Renny put the gold charm back into his wallet; it took him a long time to do so, he was clumsy and careful both. Usually, I didn’t notice Renny’s gloves any more than I noticed Giselle’s paws. I noticed now. I thought of Iris McGinnis, without a care, leading the life of a college student, not thinking of dark love, gold tokens, Doric temples.
I could feel a change in the air pressure; I leaned out the door and called for the cat. Giselle raced inside and trotted to a corner. She ignored our dinner on the coffee table. Not typical. She had caught something again. Little feet. Gray shadow.
“Is that thing alive?” Renny asked.
“She kills whatever she can get her fangs into.” I apologized for Giselle. “It’s her nature.”
Renny went to the corner and battled the cat for this second mole. She sank her teeth into his glove. “God, she’s vicious. Drop it!” he commanded.
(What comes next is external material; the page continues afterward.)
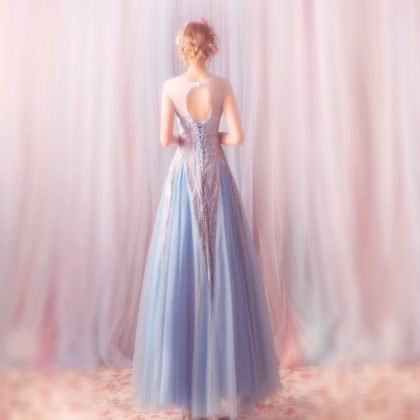 Formal Dress Light Blue Gold A Line Prom Evening Party Dress
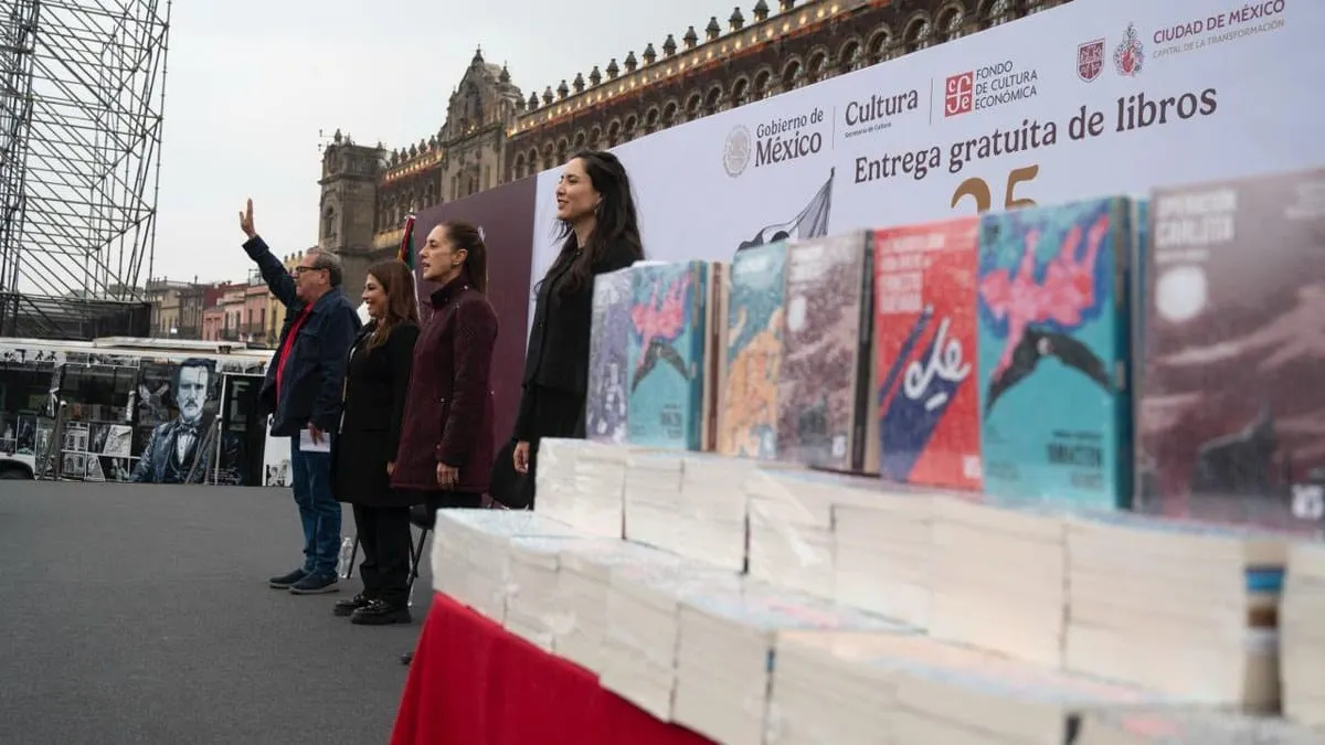 Ciudad de México.- La presidenta Claudia Sheinbaum encabezó este 17 de diciembre, junto con el Fondo de Cultura Económica (FCE), el arranque de la entrega gratuita de la colección 25 para el veinticinco en el Zócalo de la Ciudad de México, una iniciativa que prevé la distribución de 2.5 millones de libros en México y otros países de América Latina.

The cat wasn’t about to take orders, so Renny grabbed her by the neck and gave her a little shake. I suppose Giselle was mortified — I treated her like an equal — she growled and let go, then stalked away, hissing. “Murderess,” I called after her. My pet, my dear. I was getting attached to her. I worried when she wouldn’t come in at night; I waited anxiously in the yard until she sauntered up in her own good time. She’d stare me down. Then rub herself against my legs. I’d begun to buy cream for her. Bad sign. No attachments, that was my motto. None at all.
“He’s got teeth marks in him.” Renny had picked up the mole.